Note: I am not discussing efficiency in this article. It is highly dependent on the number of elements in the original array and how many will be retained or thrown out. This article focuses on specifying what to keep or replace.
General Setup
Here's the setup for this investigation. I will use a fixed matrix for all the methods and always end up with the same final output. The plan is to show you multiple ways to get the result, since different methods may be appropriate under different circumstances.
A = magic(17); Result = A; Result( A < mean(A(:)) ) = 0;
Let's look at the nonzero pattern of Result using spy.
spy(Result)
Method #1 - Using Subscripts of Keepers
Here's a list of the subscripts for the elements to keep unchanged.
[rA,cA] = find(A > (17^2)/2);
Next we convert the subscripts to indices.
Result1 = zeros(size(A)); indices = sub2ind(size(A),rA,cA); Result1(indices) = A(indices); isequal(Result, Result1)
ans =
1
Why did I convert subscripts to indices? Let me illustrate with a very small example.

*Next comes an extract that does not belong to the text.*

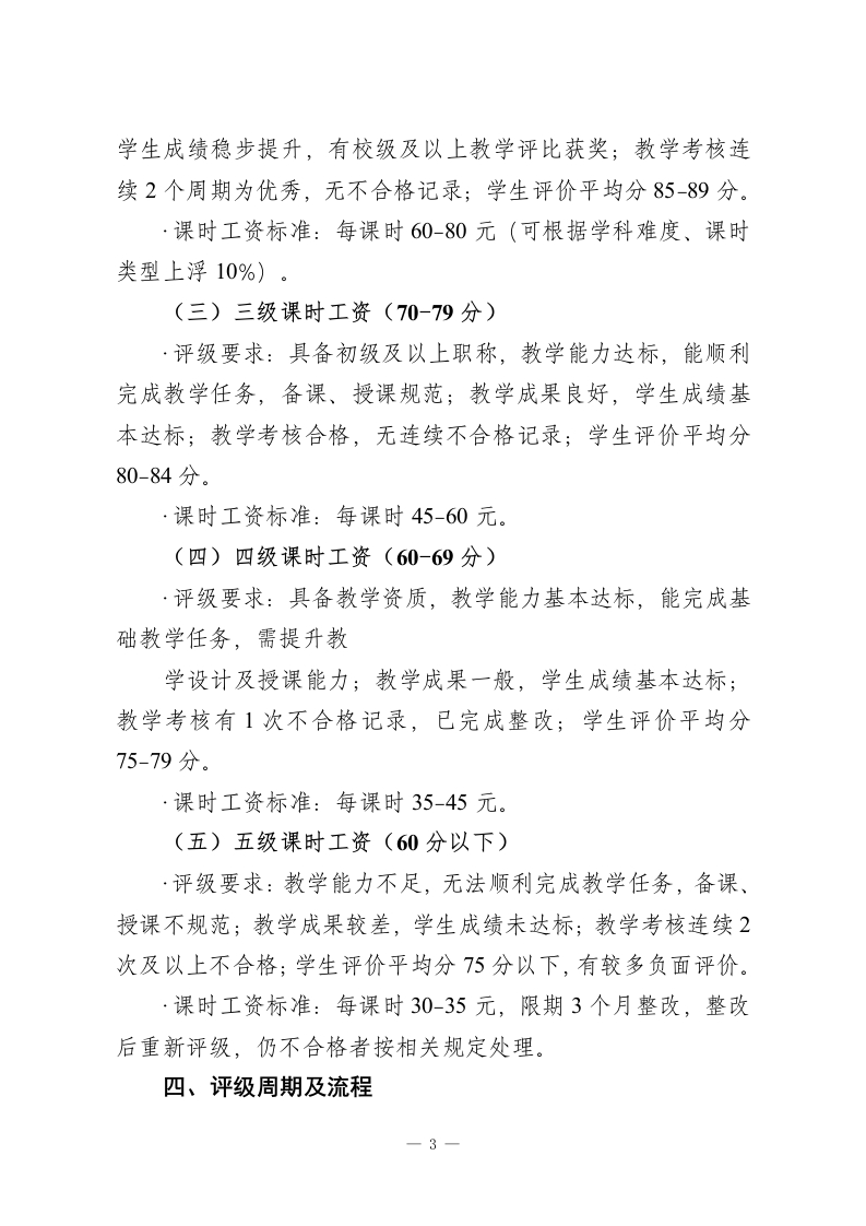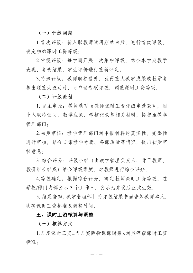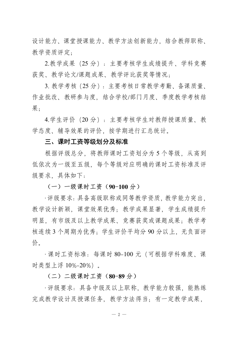 教师课时工资评级方案为规范教师课时工资管理,建立科学、公平、合理的课时工资评级机制,充分调动教师教学积极性,提升教学质量,结合教学工作实际(兼顾教学能力、教学成果、课时量等核心要素),明确教师课时工资评级标准、核算方式及调整规则,制定本方案。本方案适用于全体在岗授课教师,涵盖各学科、各年级教师,不含行政岗、后勤岗及临时代课教师(临时代课教师课时工资另行规定)。一、评级核心原则1.能力匹配原则:课时工资等级与教师教学能力、专业素养、职称等级直接挂钩,体现教师教学价值;2.绩优酬优原则:结合教学成果、学生评价、教学考核结果,优秀教师可获得更高评级及课时工资:3.公平公正原则:评级标准统一、流程公开,以实际教学表现为核心依据,杜绝徇私舞弊;4.动态调整原则:课时工资等级可根据教师教学能力提升、教学成果变化、职称晋升适时调整,保持机制活力;5.兼顾差异原则:结合学科难度、年级特点、课时类型(理论课、实践课、辅导课),合理设定评级权重及薪资标准。二、课时工资评级维度及权重教师课时工资评级以四大维度为核心,总分为100分,各维度权重结合教学工作重点设定,具体如下:1.教学能力(30分):主要考核教师专业知识储备、教学-1-

matrix = [ -1 1 0; 2 0 -2; 0 3 -3] [rows,cols] = find(matrix==0)
matrix =
-1 1 0
2 0 -2
0 3 -3
rows =
3
2
1
cols =
1
2
3
Now let's see what I get if I use the subscripts to address the selected elements:
matrix(rows,cols)
ans =
0 3 -3
2 0 -2
-1 1 0
I get the full matrix back, even though I selected only 3 elements. This definitely surprised me when I first encountered this. What's happening?
MATLAB matches each row element with each column element. matrix([1 2 3],2) returns the elements from rows 1 through 3 in column 1.
matrix(1:3,2)
ans =
1
0
3
To learn more about indexing in general, you might want to read these posts or search the MATLAB documentation.
Method #2 - Using Indices of Keepers
Here we used the single output form of find which returns indices instead of subscripts.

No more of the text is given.